2. What category does the author assert did not exist in the nineteenth century?
(a) Interracial.
(b) Youth.
(c) Retired.
(d) Homosexual.

3. According to the author in Chapter 4, "Sex Control,” those born between 1900 and when grew up with new understandings of sexuality?
(a) 1930.
(b) 1960.
(c) 1940.
(d) 1910.

4. Bailey proposes that metaphors of economy replaced metaphors of what in the Epilogue?
(a) Folklore.
(b) Religion.
(c) Manners and conscience.
(d) Home and family.

5. When were birth control pills first approved for contraceptive use in the United States?
(a) 1960.
(b) 1967.
(c) 1952.
(d) 1984.

Short Answer Questions

1. One idea underlying the system of control in dating was the refusal of the older generation to allow the young to overcome what, according to the author in Chapter 4, "Sex Control”?

2. According to the author in Chapter 5, "The Etiquette of Masculinity and Femininity,” traditional etiquette dominated American manners from the 1930s to when?

3. According to the author in Chapter 5, "The Etiquette of Masculinity and Femininity,” many came to believe for biological reasons that being what was natural to humanity?

4. Beth Bailey asserts that courtship has been replaced by what in the book’s Epilogue?

5. What word from the book means having qualities traditionally ascribed to women?

Short Essay Questions

1. How did the new freedoms brought about by the sexual revolution change the rules of dating?

2. Who was Ernest Burgess?
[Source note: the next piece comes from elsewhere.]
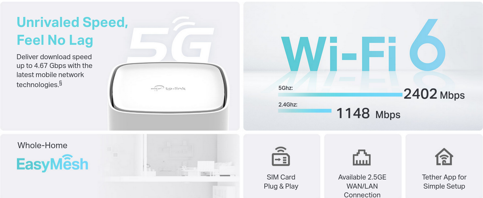 - Plug & Play - Enjoy 5G network right after inserting a SIM card.
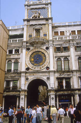 (Uhrturm) 1496 - 99 als Dominante in der Mündung der Merceria auf die Piazza di San Marco errichtet. Bronzefiguren 1497 von Paolo Salvin. 3. Obergeschoss 1755 von G. Massari.

What did he argue about changes in American attitudes toward marriage?

3. How did the sexual revolution change the currency of courtship?
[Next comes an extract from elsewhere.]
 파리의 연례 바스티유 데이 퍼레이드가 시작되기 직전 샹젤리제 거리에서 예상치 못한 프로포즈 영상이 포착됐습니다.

4. What did the new sexual innovations represent symbolically to American youth in the period between World War I and the sexual revolution?

5. What reasons does the author assert that men and women submitted to the system of gender etiquette in Chapter 5, "The Etiquette of Masculinity and Femininity"?

6. What metaphors have replaced the metaphors of economy, according to the author in the Epilogue?

7. How did physical displays of affection evolve in the early part of the twentieth century?

8. How did American youth come to define themselves after World War II? What tensions did this cause?

9. How were gender roles defined in the 1950s? How long was this view dominant in American society?

10. When did marriage education courses begin at the University of North Carolina? Who initiated this program?